Starting with the line that contains "Pilots' Briefing - pilots-meeting 1.png" and stopping after the line that contains "The 36th Annual", return each line below exactly as written, with no others.

§ **Given information**
⁂
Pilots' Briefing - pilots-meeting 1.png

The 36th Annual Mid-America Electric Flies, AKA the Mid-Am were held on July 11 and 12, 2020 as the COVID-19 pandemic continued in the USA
⁂
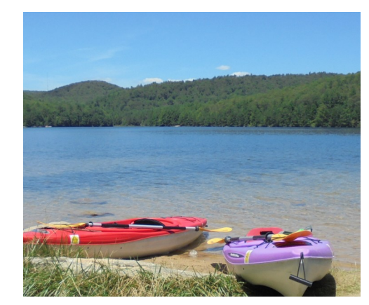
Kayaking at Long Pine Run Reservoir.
⁂
§ **Answer to the exercise**
Pilots' Briefing - pilots-meeting 1.png

The 36th Annual Mid-America Electric Flies, AKA the Mid-Am were held on July 11 and 12, 2020 as the COVID-19 pandemic continued in the USA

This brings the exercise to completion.